Can Government Efforts Help Parents Combat Childhood Obesity?

Staff - - 07/19/2011

While a report released earlier this month indicates that New York ranks 41st in the nation for adult obesity rates, the state ranks 16th in childhood obesity rates. The ranking is a cause for concern for everyone from mothers and fathers to policy officials and health care providers.

According to "F as in Fat, How Obesity Threatens America's Future 2011," a report compiled by the Trust for America's Health and the Robert Wood Johnson Foundation, 17 percent of New York's kids are obese. About one-quarter of adults are considered obese. An individual is considered obese when their body mass index (BMI) is 30 or above.
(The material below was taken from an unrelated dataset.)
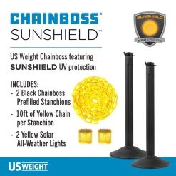 Built to withstand the demands of the toughest environments, the US Weight ChainBoss can be used both indoors and outdoors. The ChainBoss is equipped with features perfect for safely controlling crowds, directing the flow of foot traffic, or protecting a closed area for construction or cleaning. Each ChainBoss includes a yellow Solar Light that can be seen from 400m away and operates in temperatures minus 30° to 50°C. Each light flickers about 50 timers per minute and is designed for all-weather use. Optically controlled, these lights require no switch and are energy saving. The best way to charge these lights is to put them in direct sunlight. After fully charged outdoors, these lights can last approximately 7-days to 10-days. The ChainBoss features a patented Integrated Chain Storage system so chain is stored inside the post when not in use for incredible convenience. Then, easily pull the chain out of the post using the twist-lock top which allows for easy chain disbursement. Each 37.88 in. tall post includes 10 ft. of all-weather molded, high-tensile strength 2 in. plastic chain. Both the stanchion and the chain feature SunShield, 10 year UV protection. The ChainBoss features a durable, scratch-resistant high-density polyethylene 15 lbs. base. On the bottom of the base are no-skid, non-marking rubber feet keeping the post in place even during rough use. No tools are required for assembly.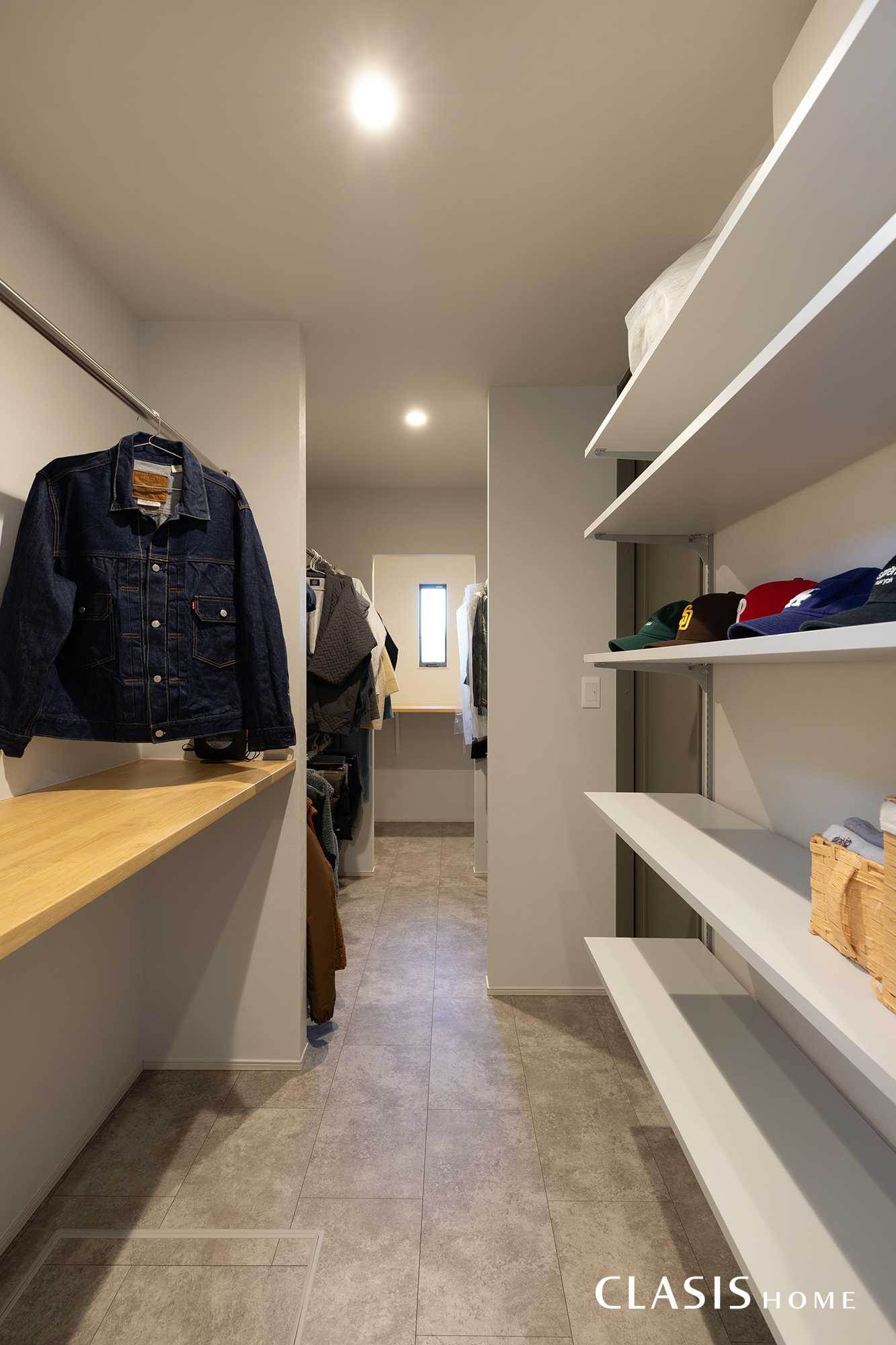 家族全員の衣類をまとめて管理できる、広々としたファミリークローゼット。造作のカウンタースペースを設けることで、「アイロンを掛けて、その場で畳んで収納する」という一連の家事動線がこの一室で完結します。暮らしの効率とゆとりを生み出す機能的なスペースです。

Mississippi ranked first in the report for both adult and childhood obesity. About 21 percent of children in the state are considered obese. Oregon, by contrast, ranked last with a childhood obesity rate of 9.6 percent.
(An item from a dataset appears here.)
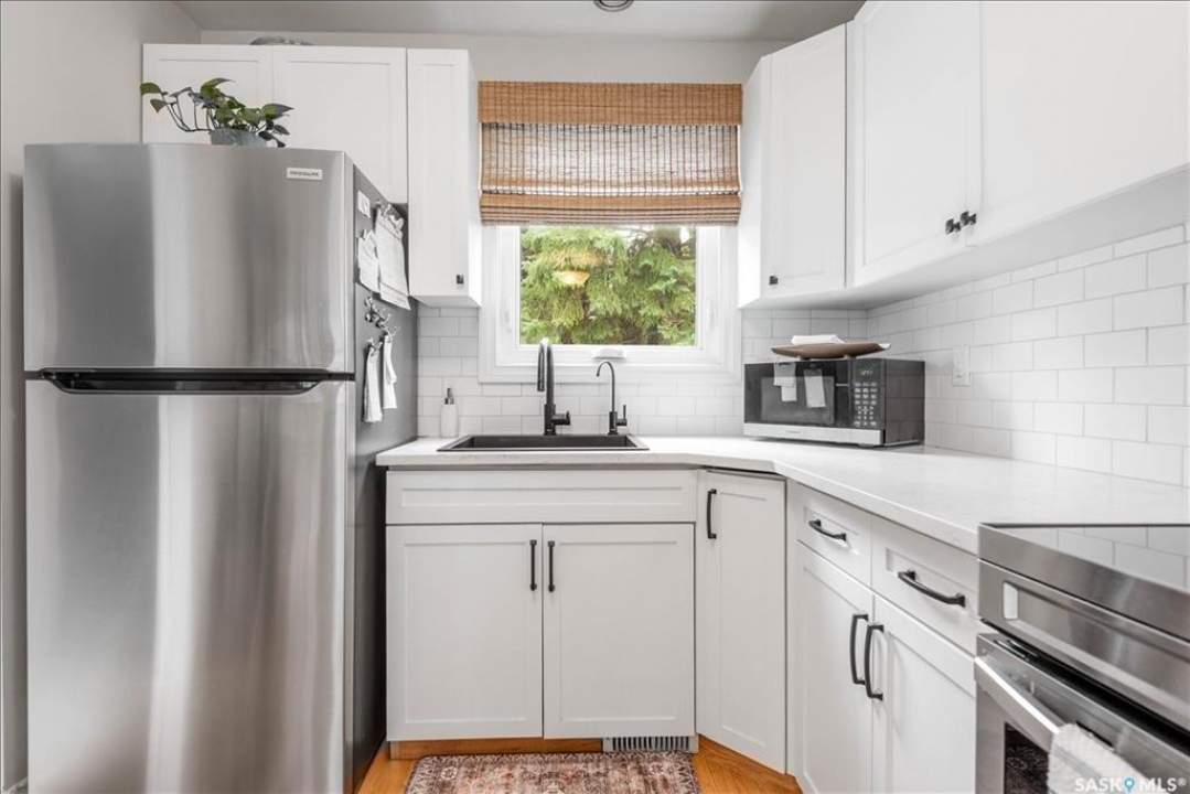 This stunning 3-bedroom, 2-bathroom bungalow in Glencairn is loaded with charm, updates, and plenty of space to enjoy. Inside, the open-concept main floor showcases gleaming hardwood floors that flow seamlessly through the living, dining, kitchen, hallway, and bedrooms. A beautifully updated 4-piece bathroom completes the level. The fully finished basement expands your living space with a large rec room, cozy den, modern 3-piece bath, oversized laundry/utility room, and excellent storage. The list of upgrades is impressive: a beautifully updated kitchen with quartz countertops (2025), nearly all new windows (2024), a brand-new fence and landscaping (2024), updated eaves/soffit/fascia (2023), and a high-efficiency furnace (2016). Step outside and fall in love with your private, south-facing backyard oasis — beautifully landscaped with lush lawn, garden space, and the perfect setting for summer barbecues or evening relaxation. A tandem driveway fits two vehicles, and alley access leaves plenty of room for a future double garage. With central air, appliances included, and nothing left to do but move in, this home is the perfect blend of comfort, style, and function.

The Trust for America's Health focuses on the health care costs associated with obesity in the report, whose authors recommend more government investment in obesity prevention programs.

The monetary costs of health care associated with obesity are staggering. According to the Centers for Disease Control and Prevention, $147 billion was spent on such care in 2008. And according to a report in the same year by the office of the New York State Comptroller, health care costs for New York's 1.1 million obese children hit about $242 million.

The comptroller notes that since 1978, the obesity rate for kids in New York ages two to five and 12 to 19 has tripled. The obesity rate for ages six to 11 has quadrupled.

An ongoing debate exists between those who believe that personal choice should prevail in this situation, while others say the government should establish programs and services to curb increasing rates of obesity, both amongst children and adults.

In my most recent Green Parenting column, I discussed the issue of advertising directed at children and how such practices have been attributed to children eating junk food and leading sedentary lifestyles. I discussed an effort by the American Academy of Pediatrics to convince government entities to do more to regulate the types of foods that are advertised to children.

And the comments rolled in.

One commenter said, "Who is in control here? If you don't want your children to eat stuff that is bad for them, don't give it to them. Are the children the ones placing the items on the conveyor belt and swiping their credit cards in order to pay for the items? Stop trying to get the (nanny) state involved in all aspects of my family's life."

Another commenter said, "This is America's biggest issue, people like this tellin' us all how to live and how to raise our children, 'cause we must all be morons. The government's become adept at this slop."

These commenters might be surprised to know that I believe that parents hold the ultimate control over how their children eat. That's partially why I don't have television in my home, because I don't want my two-year-old to be indoctrinated by commercials for unhealthy processed foods like Lucky Charms and Fruit Roll-Ups. Of course no one is immune to the effects of advertising, but parents can reduce childrens' exposure to it as much as they can, and it is our right as parents to do that.

I also agree that the government is, largely, an overly burdensome entity on the American public. Where we differ though is in the recognition that the government isn't disappearing anytime soon. Thus I believe the public should urge it to fund issues of public health through more strict control of corporate advertising instead of, let's say, paying senators and house members more than 10 times the federal poverty level.

The other burden of advocating for personal freedom is acknowledging the importance of education, which starts at home and extends to our schools, where it's often the norm to see vending machines filled with soda, candy bars and chips. Of course people like Sarah Palin can rally supporters in the name of eating whatever one pleases, but true personal freedom exists in choosing to stay away from fast food because it's bad for our health.

I'm not telling anyone how to raise their children. I believe in personal liberties as much as the next American, but I also believe in doing what I can, through my writing in this case, to spotlight issues where one's choices might be influenced by those with unabashed profit motives. Of course you have the right to not to feed your kids fruits and vegetables, but if they end up with type-II diabetes, should it be the public's burden to pay for your ill-informed decisions?

Whether you lean left or right, it's undeniable that this nation faces an obesity epidemic, and it's hitting home here in New York, especially for many of our children, the lives of whom could be cut short from health complications--diabetes, cancer and heart disease--associated with obesity. Government programs play a role in educating parents and children about the importance of eating healthy and exercising, but such efforts are small compared to the ordinary choices that we make on an everyday basis.